Is Time More Important than Money for Worker Well-Being?
One of the more surprising things to emerge from the data is that having control over time and scheduling may have a more significant impact on worker and family well-being than earnings.
Harknett and her co-investigators arrived at that conclusion after using survey data to simulate health and well-being outcomes related to two laws that increase the federal minimum wage of $7.25 per hourand others that require employers to reduce unstable work scheduling. “In a head-to-head comparison, we saw that the schedule piece seems to be even more important than the wage piece [on psychological distress, poor sleep and unhappiness],” says Harknett. The findings were reported in an article in the issue of American Sociological Review.
Tracking High-Road and Low-Road Companies
Another leg of the Shift Project aims to inform businesses and consumers about scheduling practices companies and industries engage in. Because the Shift Project’s data set includes workers from some of the largest food service, retail, grocery and pharmacy companies in the nation, the researchers are uniquely positioned to compare between and across sectors.
“In particular, we look to see who’s taking a high-road approach, with more worker-friendly scheduling, and who’s taking a low-road approach that exploits vulnerable workers, and we can track change over time,” Harknett says. “We’re hoping to turn this into a public good, where we can inform consumers about the practices at different places they might shop.”
Among the low-road practices Harknett sees as most egregious is the unwritten requirement that workers always be available for shifts, a strategy that supports just-in-time scheduling. The practice allows employers to minimize labor costs by giving workers shifts only when business is busy and withholding them (or sending workers home) when it’s slower.
Workers who need more hours to make ends meet are more likely to accept last-minute shifts and keep their schedules open to accommodate them. This is often done at the expense of family and social obligations – and of seeking other, more regular employment.
“I think it’s shortsighted,” Harknett says. “[In our research] we’re documenting that you end up with a workforce that’s distressed and sleep-deprived, and these are the people interacting with your customers. You’re undermining the consumer experience in the interest of not paying those extra dollars.”

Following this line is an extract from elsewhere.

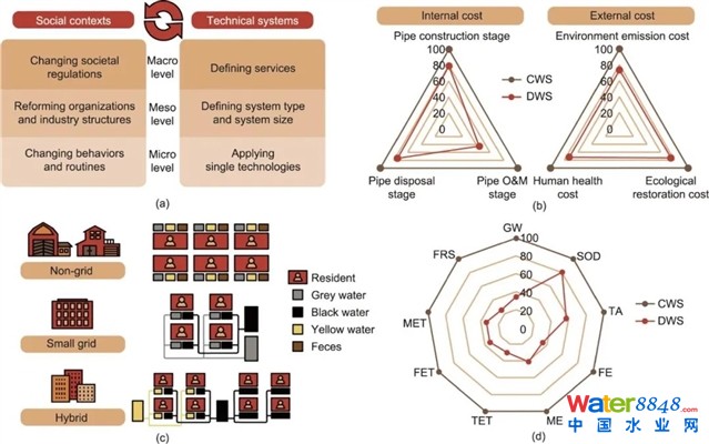 分散式水系統(tǒng)(DWS)是實(shí)現(xiàn)可持續(xù)城市供水系統(tǒng)的基礎(chǔ)。與傳統(tǒng)集中式系統(tǒng)相比,DWS 由無(wú)傳統(tǒng)地下管網(wǎng)(家庭或農(nóng)村地區(qū))、小型地下管網(wǎng)(街區(qū))和混合地下管網(wǎng)(大型社區(qū))組成。研究從社會(huì)環(huán)境、技術(shù)、成本、實(shí)施策略與環(huán)境影響多個(gè)方面對(duì)其進(jìn)行了探討。社會(huì)環(huán)境方面,制度框架、治理結(jié)構(gòu)以及個(gè)人習(xí)慣等因素決定著能否獲得各方正向反饋;技術(shù)層面需考慮水系統(tǒng)技術(shù)目標(biāo)、空間結(jié)構(gòu)與管控方式等;成本上,DWS 的內(nèi)部成本(管道建設(shè)、處置和運(yùn)行維護(hù)等直接經(jīng)濟(jì)支出)和外部成本(環(huán)境排放、人體健康和生態(tài)修復(fù)等間接影響)相較于集中式水系統(tǒng)(CWS)更低;實(shí)施策略上,考慮到管理難度、用戶接受度、技術(shù)選擇和重置成本,無(wú)管網(wǎng)和小規(guī)模管網(wǎng)系統(tǒng)因技術(shù)鎖定效應(yīng)更適合建設(shè) DWS;環(huán)境影響方面,DWS 的平均環(huán)境影響比 CWS 低 56%,在化石資源類別中,DWS 的環(huán)境影響僅為 CWS 的 25.2% ,顯示出其在減少有機(jī)物排放和節(jié)約能源方面的優(yōu)勢(shì)。

Harknett sees the increasing prevalence of fair-scheduling legislation as a huge opportunity to directly connect changes in scheduling practices with markers of personal and public health, such as improved sleep among workers or more stability for children in a community. And there are other emerging workplace practices that the Shift Project has yet to examine, such as job pacing and work intensity, automation pressures and increased use of technology to monitor workers.
Because the Shift Project has established survey participants in large organizations across several industry sectors, researchers can quickly put together new surveys based on changes within an industry or new company policies affecting workers.
“We’ve built this data collection machine that’s rapid-response and malleable,” says Harknett. “Therefore, as new practices emerge, we’re in a good position to analyze their effects at scale.”